El Dr. Taro Shimizu, astrónomo del MPE y miembro del consorcio, dijo: «Esto abre el instrumento a observaciones de objetos en el universo distante primitivo, menos de unos cientos de millones de años después del Big Bang».

La serie de mejoras lleva en marcha varios años e incluye una tecnología de óptica adaptativa revisada —un sistema para corregir la distorsión causada por la atmósfera terrestre— con sensores avanzados de última generación y espejos deformables.

Hasta ahora, en el VLTI, las correcciones de óptica adaptativa se realizaban apuntando a estrellas de referencia brillantes que debían estar cerca del objetivo, lo que limitaba el número de objetos que podíamos observar. Con la instalación de un láser en cada telescopio, se crea una estrella artificial brillante a 90 km sobre la superficie terrestre, lo que permite corregir la distorsión atmosférica en cualquier punto del cielo. Esto abre todo el cielo austral al VLTI y mejora drásticamente su capacidad de observación.

Con la incorporación de estos láseres, los astrónomos podrán estudiar galaxias activas distantes y medir directamente la masa de los agujeros negros supermasivos que las alimentan, así como observar estrellas jóvenes y los discos de formación planetaria a su alrededor.

El experimento GRAVITY ha logrado avances significativos en astrofísica durante la última década. Comprobó con éxito la Teoría de la Relatividad General de Einstein (mediante la medición del corrimiento al rojo gravitacional), lo que le valió al profesor Reinhard Genzel, del MPE, y a la profesora Andrea Ghez, de la Universidad de California, el Premio Nobel de Física en 2020. El Dr. García López, de la UCD, es coautor del artículo de 2018 titulado «Detección del corrimiento al rojo gravitacional en la órbita de la estrella S2 cerca del agujero negro supermasivo del centro galáctico», publicado en Astronomy & Astrophysics.
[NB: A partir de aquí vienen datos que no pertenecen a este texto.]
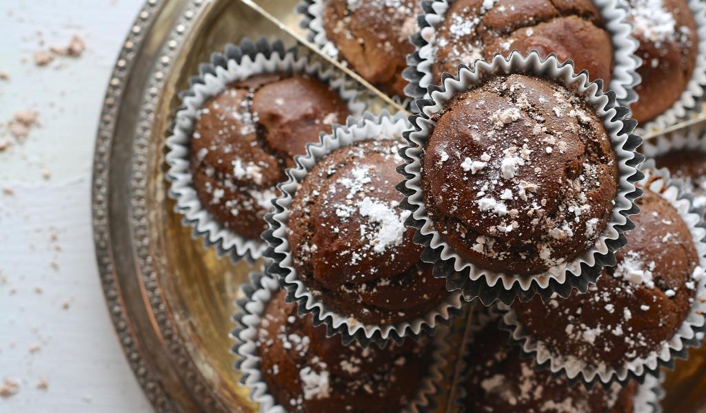 Wallpaper Appetizing muffins with powdered sugar on the table
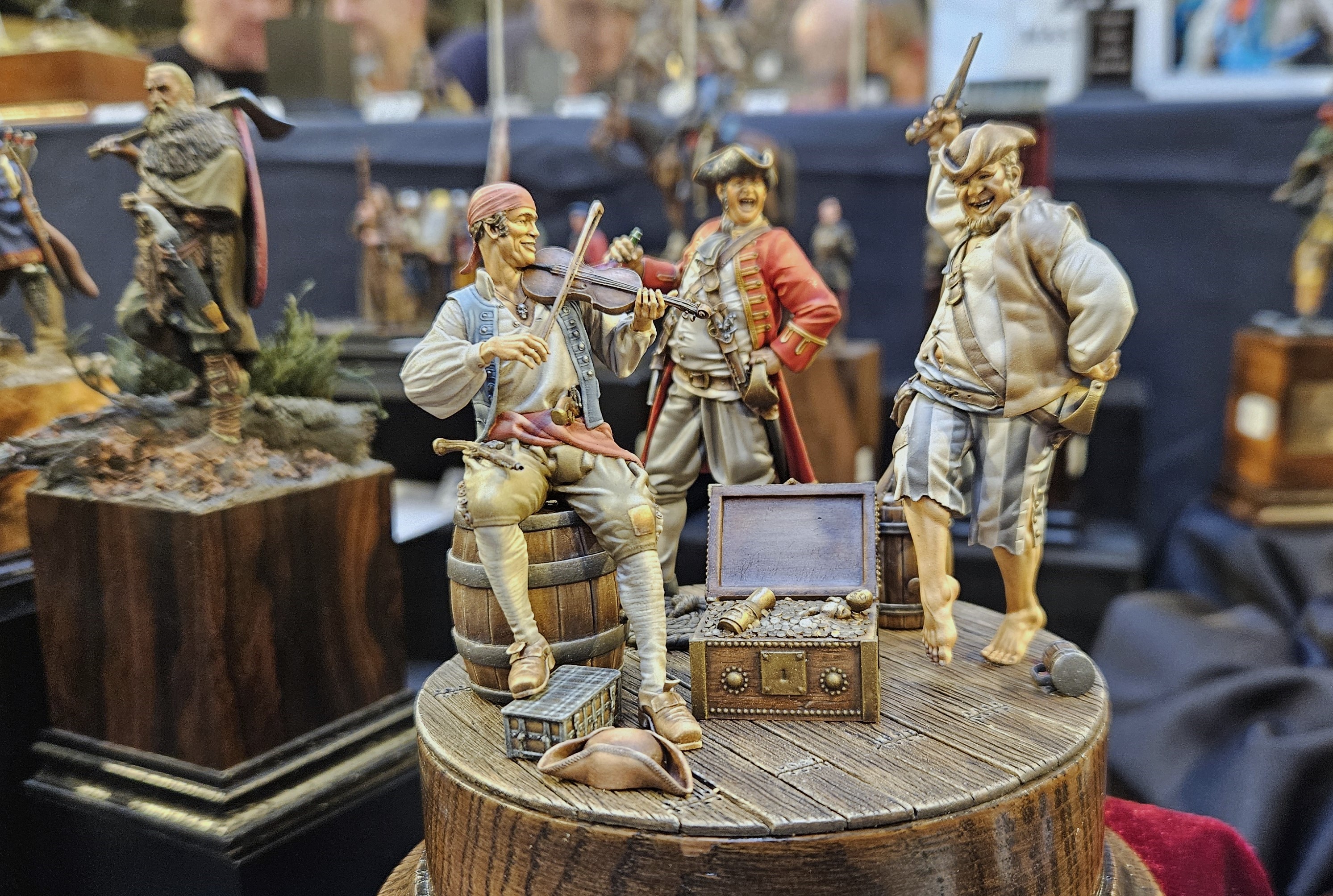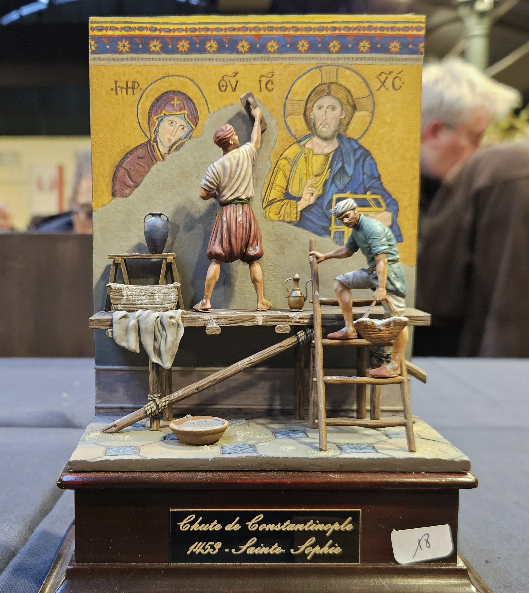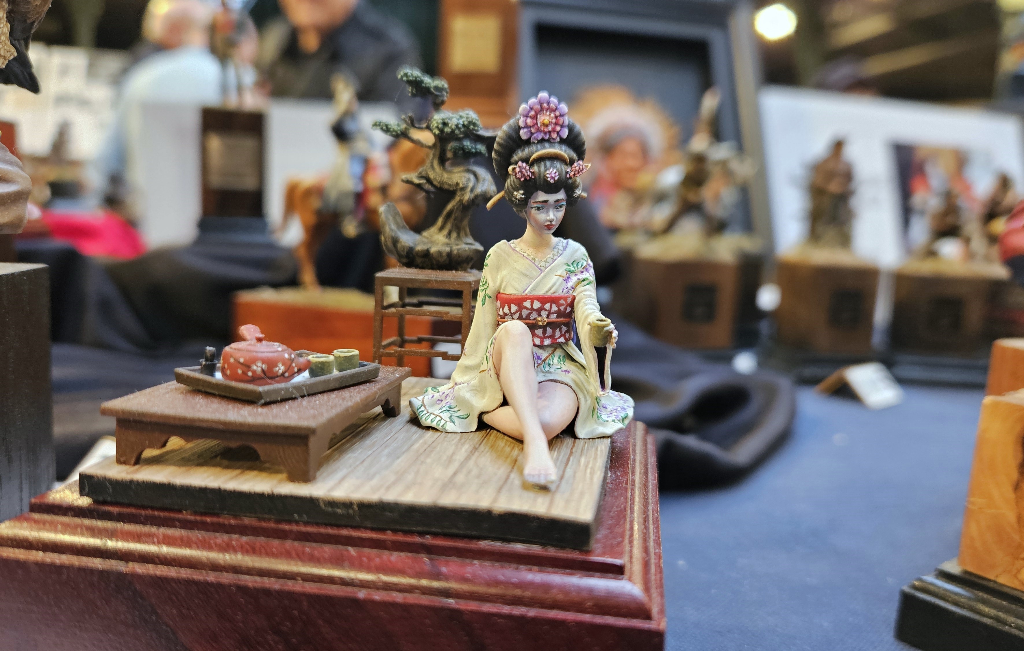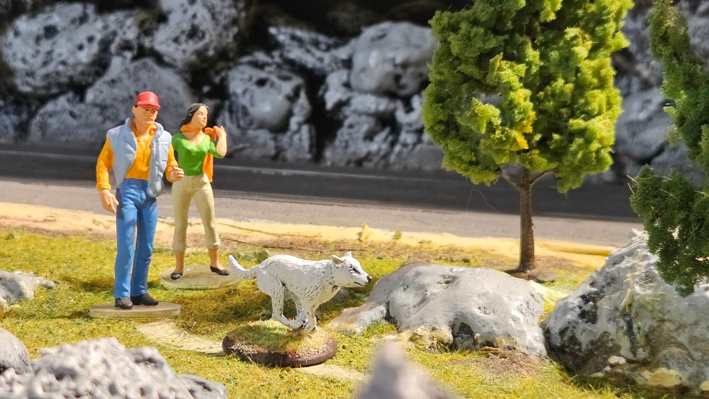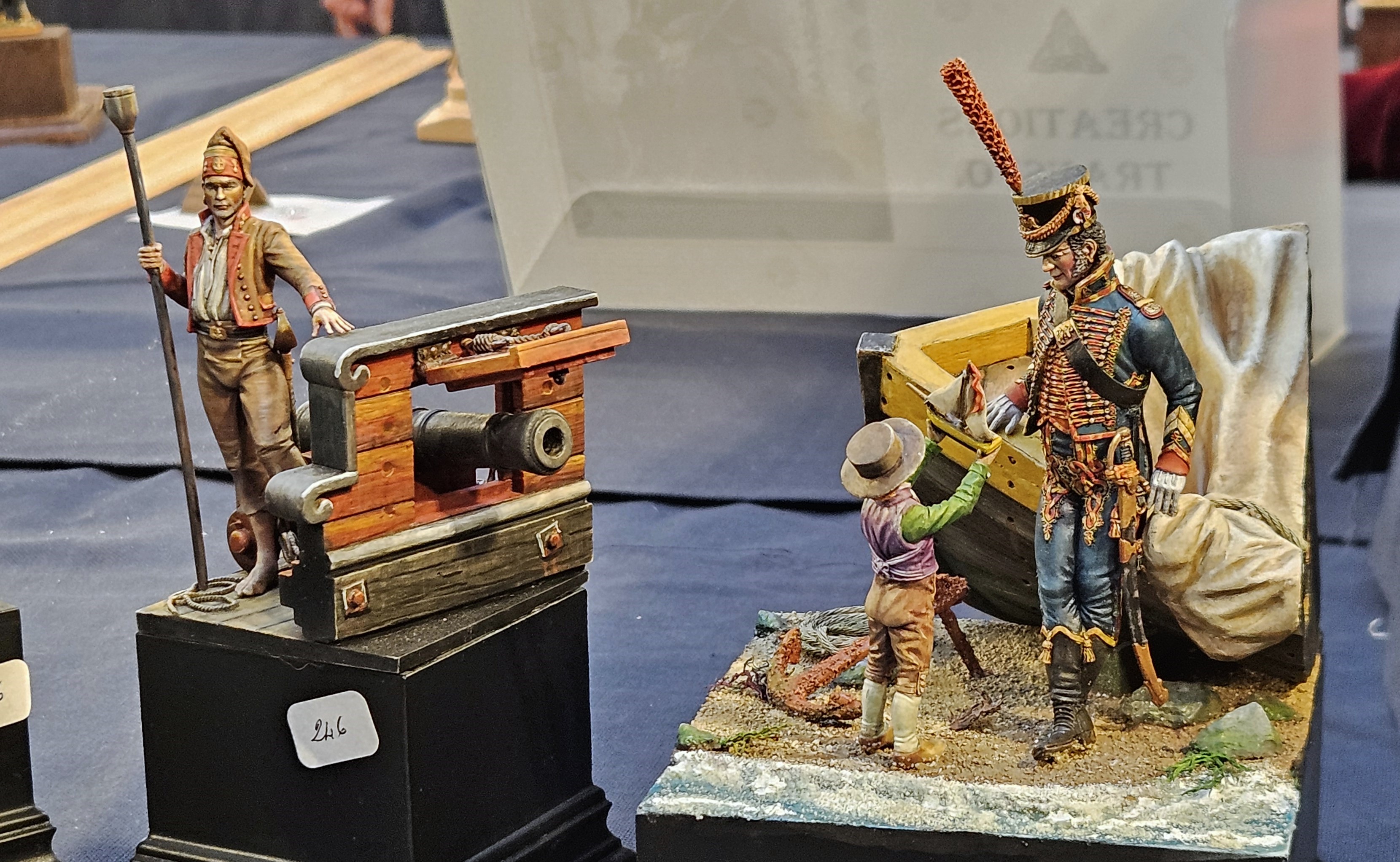 J’ai mis le personnage en situation sur fond de paysage écossais… et installé sur un socle bricolé à partir de l’étui d’une (très bonne) bouteille de Highland 18 ans !

Además, los astrónomos también utilizaron GRAVITY para hallar la primera evidencia observacional de acreción magnetosférica, el proceso mediante el cual la materia se incorpora a las estrellas recién nacidas. Los resultados se publicaron en 2020 en Nature, con el título «Una medida del tamaño de la región de acreción magnetosférica en TW Hydrae», siendo el Dr. García López el primer autor.

A través del Dr. García López, la UCD participa en la mejora del espectrógrafo GRAVITY, encargándose de la actualización de la resolución espectral. En colaboración con la Universidad Nacional Autónoma de México (UNAM), han diseñado un prisma de rejilla holográfica para su instalación en el espectrógrafo y también son responsables de las pruebas e instalación en el VTLI.